The grant goes toward relocating and renovating a Page 618 Walking Dragline, which is a unique piece of coal mining machinery that was used to dig for coal in Cherokee County.

This is only one of eighteen Page 618 Walking Draglines ever built and only one of two Page 618s  still in existence. It will be the largest walking dragline preserved for public display in the U.S., and is the only restorable walking dragline of its kind known to exist.

It will be relocated to the US-69 and KS-47 junction just south of the museum in Franklin, making it a highly visible destination roadside attraction sure to inspire historians, mechanics, educators and others.

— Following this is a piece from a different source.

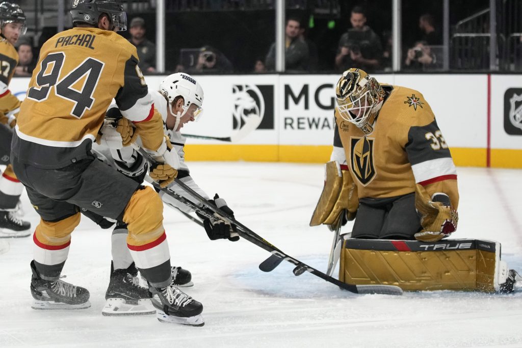 With another power-play opportunity, Dubois beat Hill from the left side of the goal when he tapped home a rebound to push Los Angeles’ lead to 3-0 early in the third.

The monies comes from a Kansas Tourism Task grant and the Patterson Family Foundation. The John U. Parolo Education Trust has pledged an additional $250,000 towards the project.

| CLICK HERE 👉🏽 Read other Kansas Tourism Projects across the state to receive task grant money.

WILKINSON COAL COMPANY

William Wilkinson was born in Pelton Fell, England, in 1862. He worked the mines from the age of 10 and came to Weir City, Kansas, in 1883 at the age of 20 to continue mining. In 1917, he started his own deep mine a mile south of Fleming, Kansas. Wilkinson Coal Company, Weir City, Kansas, operated from 1917 to 1979. William Wilkinson died in 1932 and his sons continued the mining operation.

A Walking 618 Page Dragline with a 110 foot boom was purchased in 1953 from Alexandria, Louisiana, and shipped by rail to Weir City for the strip mining operation. The dragline was later used for clay mining by the Mission Clay Company. It later came back tot he Wilkinson family when Wendell Wilkinson purchased it from Mission Clay.

John W. Page invented the dragline in 1904. A walking mechanism was developed a few years later, allowing draglines mobility free of rails and rollers, and was adopted by the Chicago-based Page Engineering Company in the 1920s. The company introduced its popular 600-series draglines in the mid-1930s.

Wendell and Lynda Wilkinson donated the Page 618 dragline to Miners Hall Museum for the restoration project. Out of the eighteen built, this will be the only known Page 618 to be restored.

The dragline will make the 30.4 mile trip to Franklin, Kansas, intersection of US 69 Hwy and KS 47 Hwy, also known as Ginardi’s Corner (Source: Miners Hall Museum).

This is a developing story, stay with Joplin News First on KOAM News Now as we continue to follow local history that helped shape our area today. Scroll below and sign up for our JLNews email list so you don’t miss an article.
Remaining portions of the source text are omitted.